Spam Part Three - Babies with the Bathwater
This post was written by our Chief Spam Fighter and delves into the subject of why spam is such a tricky little beast. It was prompted by a question that a Searchme user posted at getsatisfaction.com.
Now that we know how spam fights, cheats and multiplies, let’s talk about why it’s a particularly tricky problem from the search engine side of things. Namely, we have to be really careful that we only remove spam and not the good sites.
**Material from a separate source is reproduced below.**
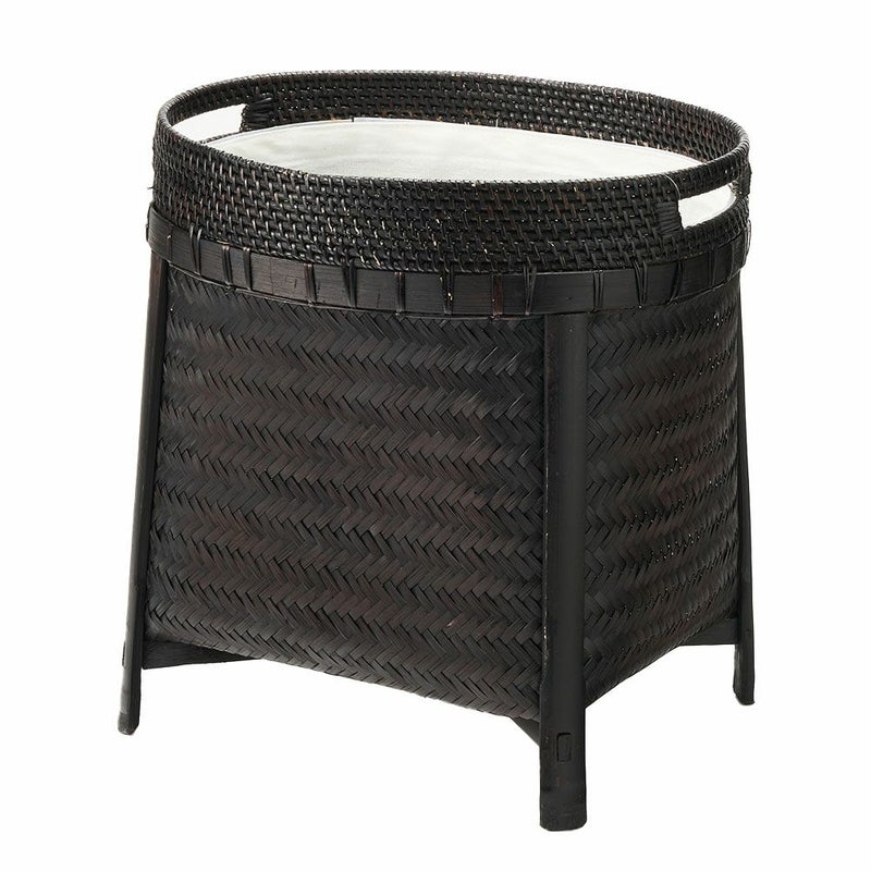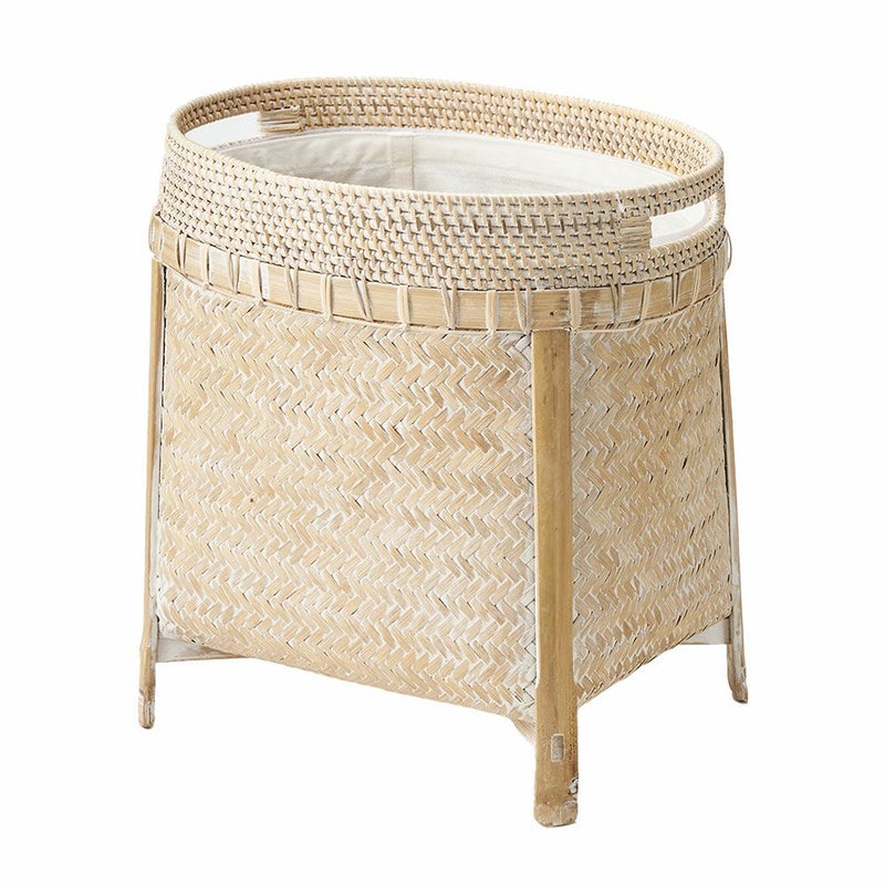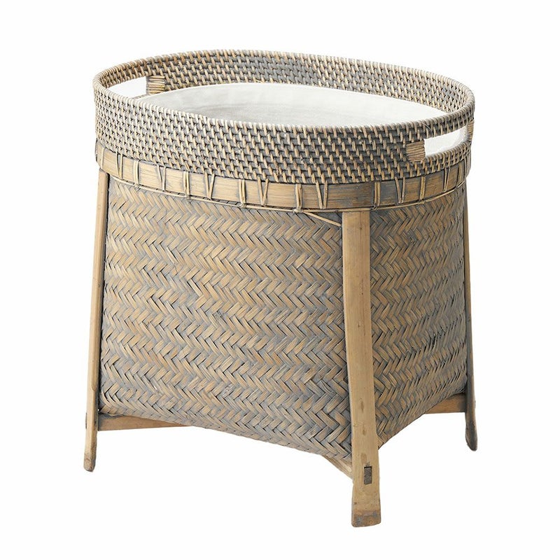 ラタンとバンブーの脚付オーバルバスケット

Let’s drag out the stadium analogy one last time. We know the end zone’s full of spammers, but what if Baby Kylie and Aunt Millie happen to be sitting there as well? We obviously don’t want to get rid of them, so we can’t just blast the area.
At Searchme, we strive for a zero error rate - not one site mistakenly removed from our search results for being spam; not a single baby with the bathwater. While almost all other aspects of search are relatively mistake-tolerant and work well ‘on average’, identifying spam does not. ‘On average’ could mean that a search engine was wrong up to one-half of the time, and nobody can afford to be 50% wrong when it comes to identifying spam. So we have to look at every site very closely - no big sweeps.
Also, what if some of the hooligans look an awful lot like Aunt Millie? We have to be so cautious about not getting rid of what may be a good site that sometimes a spam site won’t be identified. (The good news is that since this is a two-way adversarial street, a site missed today will be found tomorrow.)
So, this is why you still find spam pages in search engines, despite our best efforts. Spammers use every dirty trick in the book, knowing that we, the search engines, have to be very careful in how we get rid of them.
The good news is, we won’t give up the fight.

April 15th, 2008 at 4:12 pm
One of the drawbacks to showing a single result per search term, is that the “Spammy Bird Gets The Worm”.
For example, in Google I’m ranking very highly because I’m NOT using Black Hat techniques to achieve search engine placement.
You folks have created a visual template that needs to be expanded to perhaps 6-8 results per set of search terms (use thumbnails of the sites from Screen Shots or other archive service).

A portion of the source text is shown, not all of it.